*** DATA Section Begins ***

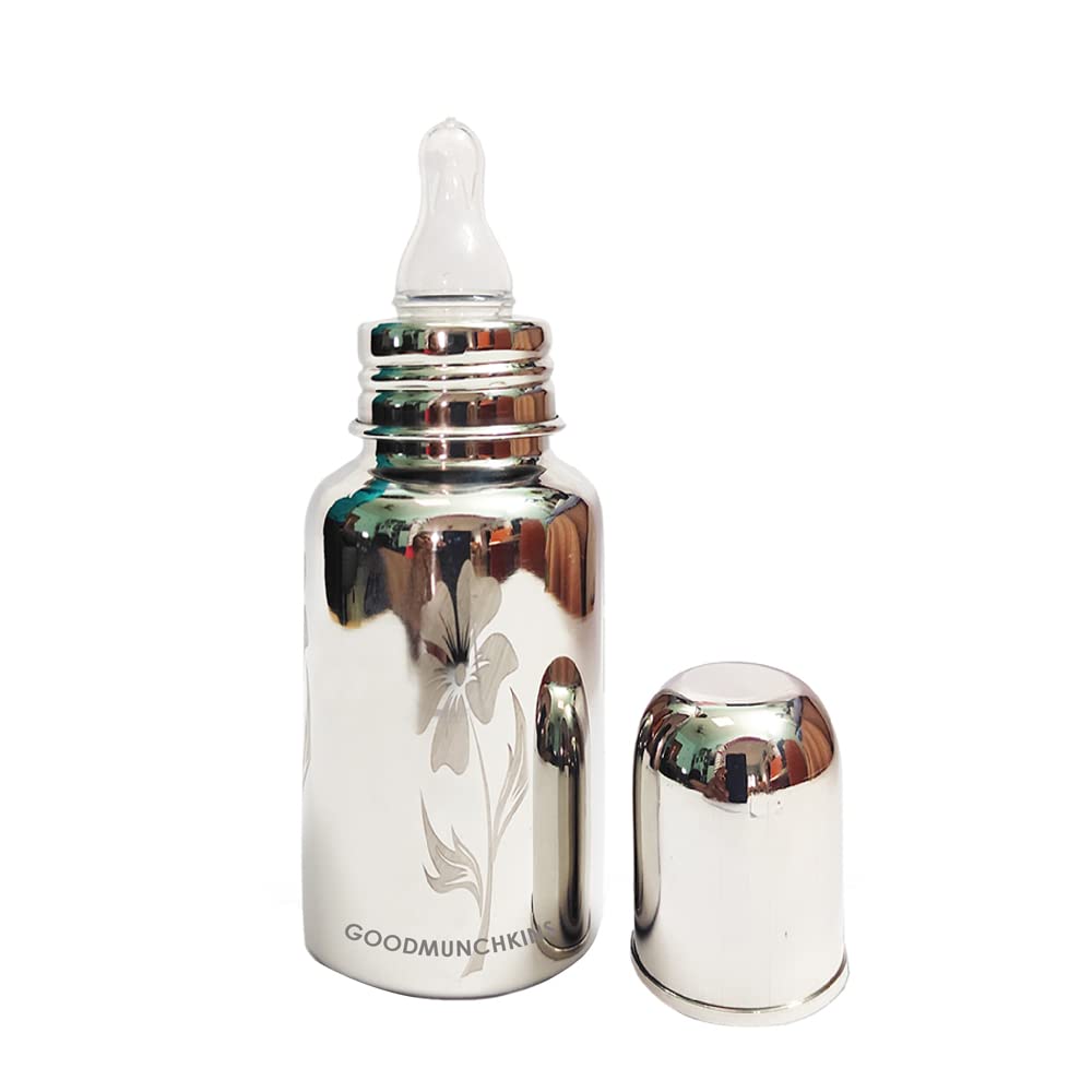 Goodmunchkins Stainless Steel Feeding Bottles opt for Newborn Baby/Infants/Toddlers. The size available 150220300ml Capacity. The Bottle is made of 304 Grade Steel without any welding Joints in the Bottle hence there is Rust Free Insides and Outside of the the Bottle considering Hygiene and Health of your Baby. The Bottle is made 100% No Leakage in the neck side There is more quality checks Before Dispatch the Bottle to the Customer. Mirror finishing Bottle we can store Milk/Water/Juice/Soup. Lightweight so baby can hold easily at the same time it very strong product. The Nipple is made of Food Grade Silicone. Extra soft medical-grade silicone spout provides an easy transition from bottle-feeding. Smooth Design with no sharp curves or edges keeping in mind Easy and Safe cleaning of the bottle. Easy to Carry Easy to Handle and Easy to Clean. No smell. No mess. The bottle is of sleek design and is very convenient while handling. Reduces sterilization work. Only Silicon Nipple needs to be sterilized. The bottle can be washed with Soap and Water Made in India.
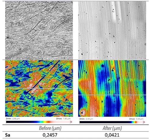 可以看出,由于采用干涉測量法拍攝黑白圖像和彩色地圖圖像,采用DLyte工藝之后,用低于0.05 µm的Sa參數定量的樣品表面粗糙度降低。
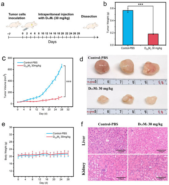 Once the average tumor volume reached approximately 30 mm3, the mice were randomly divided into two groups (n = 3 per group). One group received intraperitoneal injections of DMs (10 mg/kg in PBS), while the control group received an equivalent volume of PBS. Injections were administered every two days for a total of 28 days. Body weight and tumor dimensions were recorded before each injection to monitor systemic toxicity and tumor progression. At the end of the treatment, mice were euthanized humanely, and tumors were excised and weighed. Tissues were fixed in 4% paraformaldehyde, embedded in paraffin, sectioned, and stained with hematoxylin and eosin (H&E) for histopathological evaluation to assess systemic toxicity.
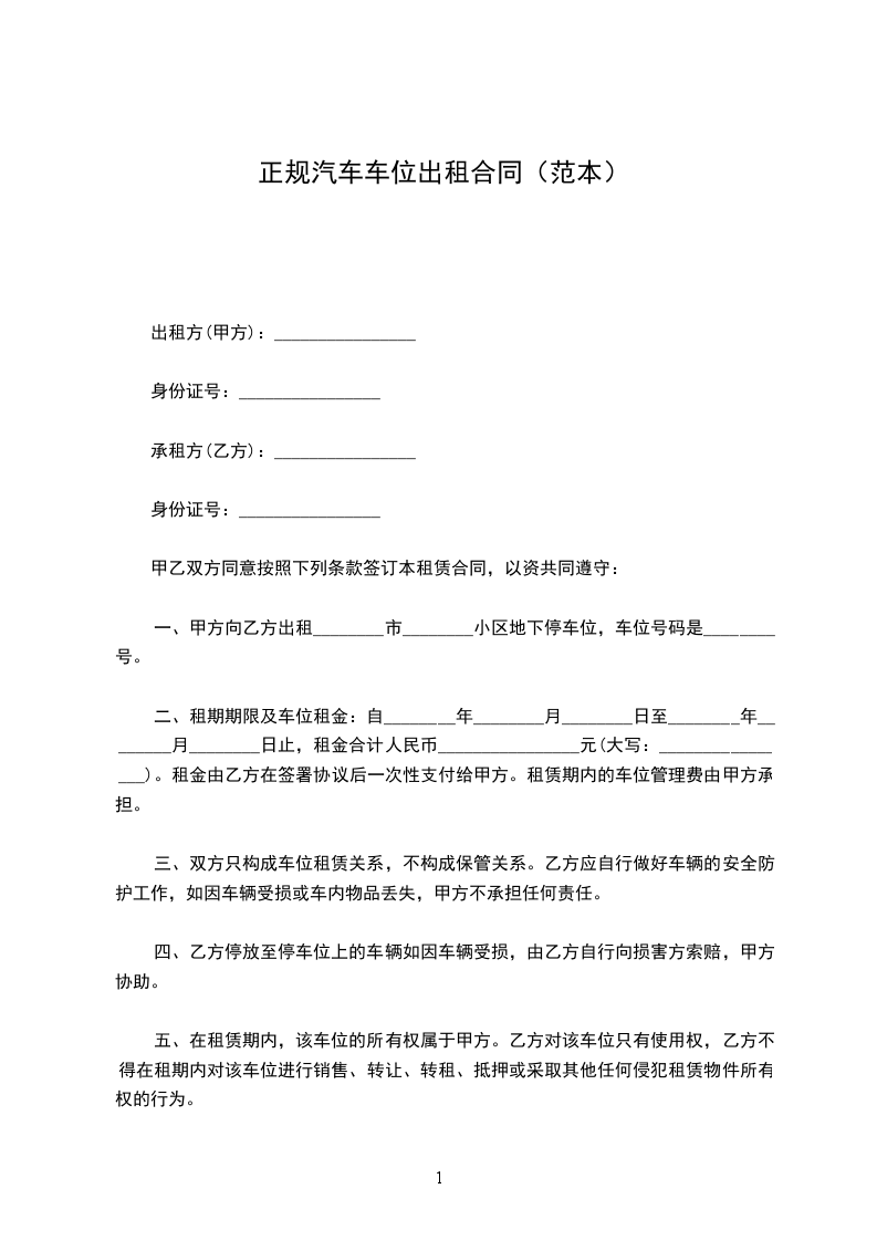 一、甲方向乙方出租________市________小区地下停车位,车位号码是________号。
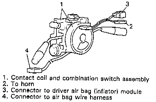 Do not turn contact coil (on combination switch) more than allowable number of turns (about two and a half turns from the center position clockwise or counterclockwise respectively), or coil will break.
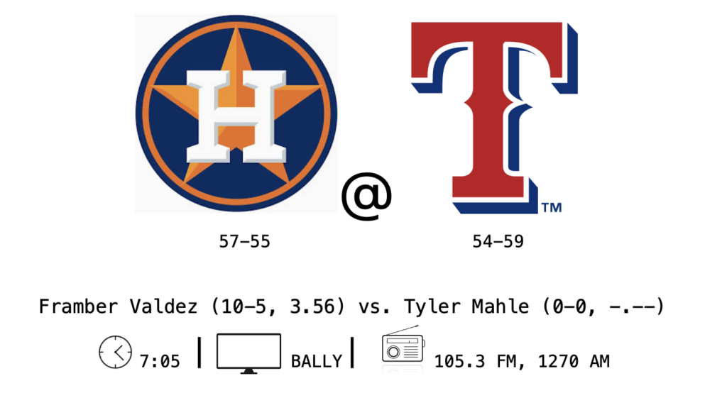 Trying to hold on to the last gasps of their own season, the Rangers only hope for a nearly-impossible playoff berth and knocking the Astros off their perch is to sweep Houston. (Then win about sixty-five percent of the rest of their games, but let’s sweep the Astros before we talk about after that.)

*** DATA Section Ends ***

Once the pictures are removed, write out all of the entries above exactly.

:: YOUR RESPONSE ::
 Goodmunchkins Stainless Steel Feeding Bottles opt for Newborn Baby/Infants/Toddlers. The size available 150220300ml Capacity. The Bottle is made of 304 Grade Steel without any welding Joints in the Bottle hence there is Rust Free Insides and Outside of the the Bottle considering Hygiene and Health of your Baby. The Bottle is made 100% No Leakage in the neck side There is more quality checks Before Dispatch the Bottle to the Customer. Mirror finishing Bottle we can store Milk/Water/Juice/Soup. Lightweight so baby can hold easily at the same time it very strong product. The Nipple is made of Food Grade Silicone. Extra soft medical-grade silicone spout provides an easy transition from bottle-feeding. Smooth Design with no sharp curves or edges keeping in mind Easy and Safe cleaning of the bottle. Easy to Carry Easy to Handle and Easy to Clean. No smell. No mess. The bottle is of sleek design and is very convenient while handling. Reduces sterilization work. Only Silicon Nipple needs to be sterilized. The bottle can be washed with Soap and Water Made in India.
 可以看出,由于采用干涉測量法拍攝黑白圖像和彩色地圖圖像,采用DLyte工藝之后,用低于0.05 µm的Sa參數定量的樣品表面粗糙度降低。
 Once the average tumor volume reached approximately 30 mm3, the mice were randomly divided into two groups (n = 3 per group). One group received intraperitoneal injections of DMs (10 mg/kg in PBS), while the control group received an equivalent volume of PBS. Injections were administered every two days for a total of 28 days. Body weight and tumor dimensions were recorded before each injection to monitor systemic toxicity and tumor progression. At the end of the treatment, mice were euthanized humanely, and tumors were excised and weighed. Tissues were fixed in 4% paraformaldehyde, embedded in paraffin, sectioned, and stained with hematoxylin and eosin (H&E) for histopathological evaluation to assess systemic toxicity.
 一、甲方向乙方出租________市________小区地下停车位,车位号码是________号。
 Do not turn contact coil (on combination switch) more than allowable number of turns (about two and a half turns from the center position clockwise or counterclockwise respectively), or coil will break.
 Trying to hold on to the last gasps of their own season, the Rangers only hope for a nearly-impossible playoff berth and knocking the Astros off their perch is to sweep Houston. (Then win about sixty-five percent of the rest of their games, but let’s sweep the Astros before we talk about after that.)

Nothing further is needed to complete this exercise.